Therefore, an object of the detailed description is to provide an apparatus for cooling a machine room of a refrigerator using a nacelle shape, capable of increasing cooling efficiency by sucking external air into a machine room by virtue of an improved cooling structure of the machine room, increasing compression and condensation efficiencies responsive to the increase in the cooling efficiency, and preventing noise generation by installing a cooling fan in a lower portion of a nacelle duct without being exposed.
Another object of the detailed description is to provide an apparatus for cooling a machine room of a refrigerator using a nacelle shape, capable of achieving a cooling effect using a smaller cooling fan, which is installed in a lower portion of a separate nacelle duct without being exposed to suck external air and cool the machine room using the sucked external air.
Another object of the detailed description is to provide an apparatus for cooling a machine room of a refrigerator, capable of enhancing spatial efficiency within the machine room by installing a condenser in a central opening formed at a blowing unit of a nacelle duct.
To achieve these objects, there is provided a refrigerator according to claim 1.
The nacelle duct includes a blowing unit having the central opening, the blowing unit having an air flowing path as an internal path for air flow and a blowing nozzle for discharging air.
The nacelle duct includes a fan mounting unit connected to the blowing unit at a lower portion of the nacelle duct and configured to mount a blowing fan therein, a blowing fan installed in the fan mounting unit to suck external air and blow the sucked external air toward the blowing unit, and a cover configured to cover an upper portion of the fan mounting unit and prevent air from being discharged to the exterior.
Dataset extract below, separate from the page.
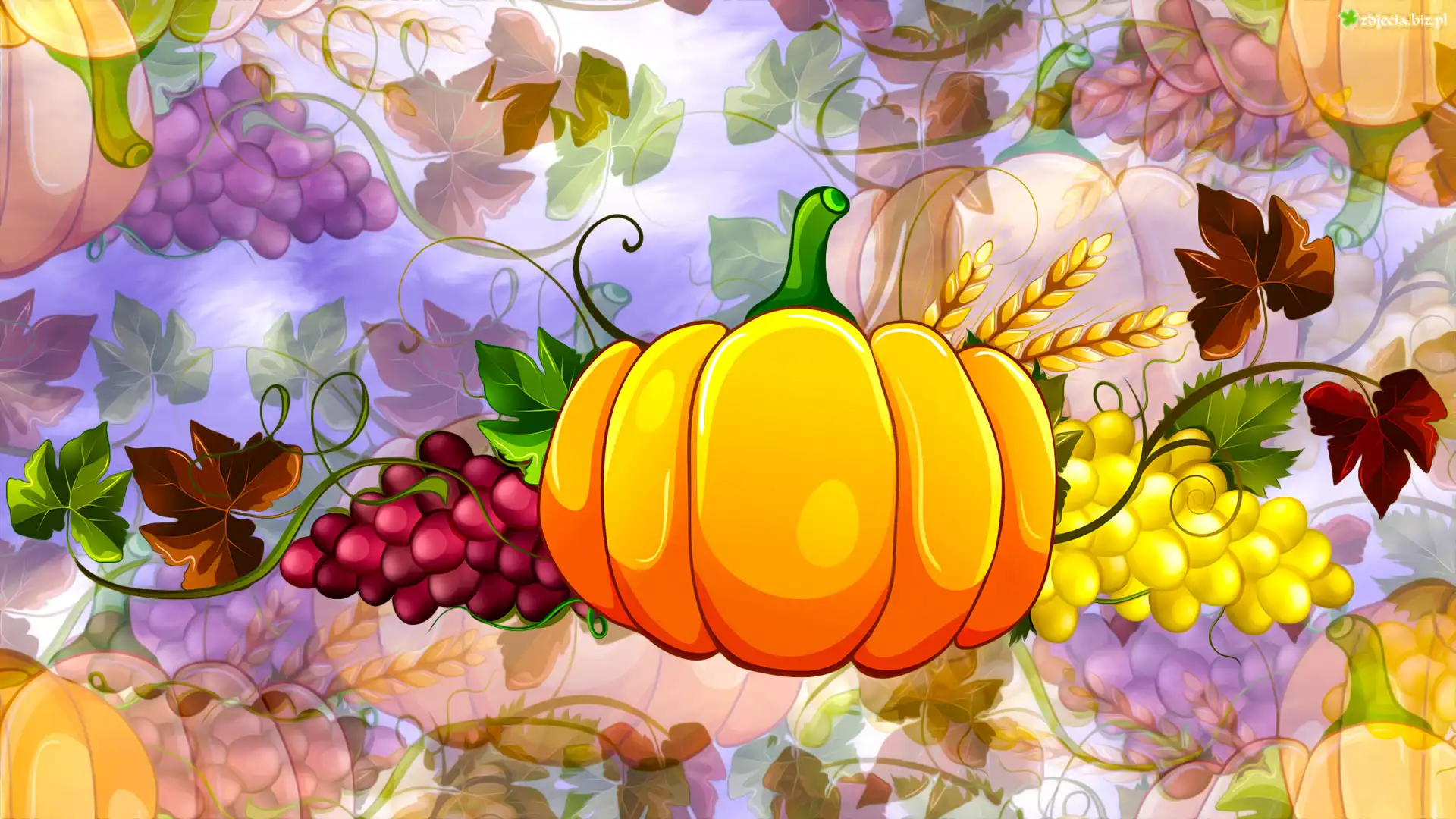 Zdjęcie Grafika, Dynia, Winogrona, Kłosy, Liście

In another aspect, the fan mounting unit may include an external air inlet formed at a lower portion thereof for introduction of the external air, which is to be used to cool the machine room.
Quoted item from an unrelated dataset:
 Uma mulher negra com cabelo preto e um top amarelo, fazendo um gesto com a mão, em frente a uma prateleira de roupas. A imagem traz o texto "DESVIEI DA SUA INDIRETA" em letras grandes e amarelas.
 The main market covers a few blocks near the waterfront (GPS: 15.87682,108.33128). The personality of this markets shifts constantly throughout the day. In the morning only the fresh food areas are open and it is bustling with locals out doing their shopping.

In another aspect, the blowing unit may have a streamlined section, and include the blowing nozzle located at the front, an outer barrier, an inner barrier and a rear curved portion, so as to blow introduced air toward the front blowing nozzle.
In another aspect, the fan mounting unit may include an outer casing as an external barrier for surrounding an outer circumference of the blowing fan, a recessed portion configured to allow the blowing fan to be inserted therein with a space gap therebetween, and blowing openings configured to allow air generated by the blowing fan to be discharged toward the blowing unit.
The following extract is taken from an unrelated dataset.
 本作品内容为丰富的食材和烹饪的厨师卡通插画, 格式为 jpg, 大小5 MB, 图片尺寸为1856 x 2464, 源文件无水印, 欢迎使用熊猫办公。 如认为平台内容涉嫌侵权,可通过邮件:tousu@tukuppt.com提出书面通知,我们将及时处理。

In another aspect, the blowing openings may be formed at positions facing each other on the outer casing so as to blow air toward the blowing unit.
The fan mounting unit may include duct fixing holes to fix the nacelle duct onto a bottom of the machine room.
In another aspect, the blowing fan may include a plurality of blades to blow sucked air, a blade fixing portion to which one end of each of the blades is fixed, and a driving shaft connected to a driving motor to rotate the blades.
In another aspect, the blowing fan may further include a blade frame to circularly fix the other end of each of the plurality of blades.
In another aspect, the cover may include a mounting recess fixed onto an upper portion of the fan mounting unit, and a driving shaft inserting portion in which the driving shaft of the blowing fan is inserted.
In another aspect, the condenser may be located in the central opening of the blowing unit to enhance spatial efficiency of the machine room.
As described above, this specification can achieve the following effects by the aforementioned solution, and configuration and coupling and operating relations to be explained later.
In accordance with this specification, cooling may be performed by using introduced external air for enhancement of cooling efficiency and a smaller blowing fan is installed in a lower portion of a nacelle duct without being exposed. This may maximize the introduction of the external air even using the smaller fan, and noise generated by the blowing fan may be reduced without an excessive increase in the number of turns of the blowing fan.
This specification may prevent those problems of lowering of cooling efficiency due to reuse of air of high temperature generated by a compressor within the machine room and lowering of cooling efficiency with respect to the compressor by a condenser, which may result in an increase in compression efficiency of the compressor and reduction of power consumption of the refrigerator.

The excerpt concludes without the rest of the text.